Abbiamo sostenuto la campagna referendaria e le iniziative del comitato promotore, quindi siamo i primi a prendere atto con estremo rammarico dell’esito di questa vicenda, ma adesso è già tempo di guardare oltre. Chi opera in questo settore, chi lotta per queste battaglie, sa benissimo che non ci si può mai fermare a contemplare quello che potrebbe essere stato e che, purtroppo - lo diciamo in questo caso più che mai - non ci sarà.

Con una decisione sommaria e ben poco circostanziata (anche leggendo le motivazioni) la Corte ha deciso di scavare un solco ulteriore tra il Palazzo, inteso in senso lato, e i cittadini. Basti pensare che i due quesiti che sono stati bocciati - cannabis ed eutanasia - avevano raccolto nel Paese quasi due milioni di firme e in un pomeriggio sono stati cassati. Lo Consulta e il presidente Giuliano Amato saranno stati anche in estrema buona fede, non avranno neppure voluto “cercare il pelo nell’uovo”, ma il risultato è stato questo. Ed è stato un disastro, non solo per chi in questo referendum aveva riposto enormi speranze.

Ma tant’è. Cosa fatta capo ha, come si suol dire in questi casi. E allora tocca capire come ripartire. Cominciamo da un presupposto che sembra ormai un dato di fatto: il mondo sta andando in una direzione ben precisa. L’abbiamo detto e scritto più volte su queste pagine, non si ferma il vento con le mani. Ci siamo anche un po’ stancati di pronunciarla questa frase.

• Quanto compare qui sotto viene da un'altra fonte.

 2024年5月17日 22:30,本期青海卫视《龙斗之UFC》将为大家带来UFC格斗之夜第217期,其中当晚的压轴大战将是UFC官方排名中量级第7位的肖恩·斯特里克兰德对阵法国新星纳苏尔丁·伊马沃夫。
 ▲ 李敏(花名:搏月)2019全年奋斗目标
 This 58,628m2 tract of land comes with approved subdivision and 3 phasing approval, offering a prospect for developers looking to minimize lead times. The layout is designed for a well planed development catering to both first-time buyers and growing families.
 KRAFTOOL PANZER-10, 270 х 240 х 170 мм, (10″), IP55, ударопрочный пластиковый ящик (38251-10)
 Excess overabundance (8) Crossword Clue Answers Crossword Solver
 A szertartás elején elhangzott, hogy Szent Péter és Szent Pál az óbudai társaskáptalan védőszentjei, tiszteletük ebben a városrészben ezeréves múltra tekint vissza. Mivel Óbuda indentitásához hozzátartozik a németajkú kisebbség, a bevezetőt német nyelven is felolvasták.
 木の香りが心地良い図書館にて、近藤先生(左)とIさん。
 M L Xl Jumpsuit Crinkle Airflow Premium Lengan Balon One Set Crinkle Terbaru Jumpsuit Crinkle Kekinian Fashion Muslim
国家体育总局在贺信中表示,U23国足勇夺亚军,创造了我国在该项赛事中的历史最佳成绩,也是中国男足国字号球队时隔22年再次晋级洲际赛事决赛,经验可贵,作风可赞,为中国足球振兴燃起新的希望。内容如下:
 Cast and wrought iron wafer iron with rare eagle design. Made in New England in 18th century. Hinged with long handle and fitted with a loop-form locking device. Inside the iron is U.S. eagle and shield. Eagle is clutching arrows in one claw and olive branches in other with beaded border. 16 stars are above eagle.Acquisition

Il tema, ora, è tutto politico. O meglio è in capo alla politica, che troppo spesso negli ultimi anni ha abdicato quando si è trattato di decidere su temi etici e valoriali. E qui, dunque, subentrano i problemi. In primo luogo perché, nei giorni in cui scriviamo, il mondo è drammaticamente concentrato sulla terribile invasione russa in Ucraina, un osceno, vergognoso atto di guerra scatenato da una potenza militare e nucleare contro uno stato sovrano nel cuore della nostra Europa. Una roba che nel giro di pochi giorni ha fatto impallidire i due anni di Covid che hanno condizionato le vite di tutti noi.

E poi perché, ormai lo possiamo dire con ragionevole certezza, questa legislatura è destinata a terminare con un nulla di fatto dal punto di viste delle politiche sulle droghe e in particolare sulla cannabis. In realtà le condizioni per un’iniziativa parlamentare, anche circoscritta, ci sarebbero tutte. L’ha detto lo stesso presidente Amato, quando ha giudicato “paradossale” che la richiesta del quesito referendario si riferisse alla coltivazione, visto che “le sezioni unite della Corte di Cassazione, interpretando l'articolo 73, hanno già ritenuto che sia fuori dalla punibilità la coltivazione a uso personale della cannabis”.

Peccato che, appunto, quella della Corte di Cassazione non sia una legge ma una sentenza. E che, comunque, la coltivazione domestica sia ancora perseguita. Il modo per superare l’empasse ci sarebbe, dato che la commissione Giustizia alla Camera dei Deputati ha già adottato un testo base che va proprio nella direzione di trasformare in legge la sentenza della Cassazione. Sarebbe molto semplice e non comporterebbe chissà quali professioni di fede anti-proibizionista, dato che si tratterebbe solo di tradurre in legge ciò che hanno detto i giudici della Corte di Cassazione, che non ci risultano essere rastafariani rivoluzionari.

Tra l’altro il testo base adottato in commissione, a differenza del quesito referendario, andrebbe addirittura ad inasprire le pene per detenzione e spaccio illegale, andando incontro alle richieste anche dei più ottusi conservatori, pur di salvare il principio della libertà di autocoltivazione.

Ma purtroppo chi si illude è perduto. Per cui noi continuiamo a chiedere a gran voce l’intervento della Politica, quella con la P maiuscola, in grado di guardare oltre il proprio - spesso insignificante - orticello, e buttare il cuore oltre l’ostacolo, intraprendendo la strada giusta. Ma sappiamo bene che il nostro grido potrebbe rimanere inascoltato, almeno per il momento. Per cui, avanti. Barra dritta. E non facciamoci spaventare.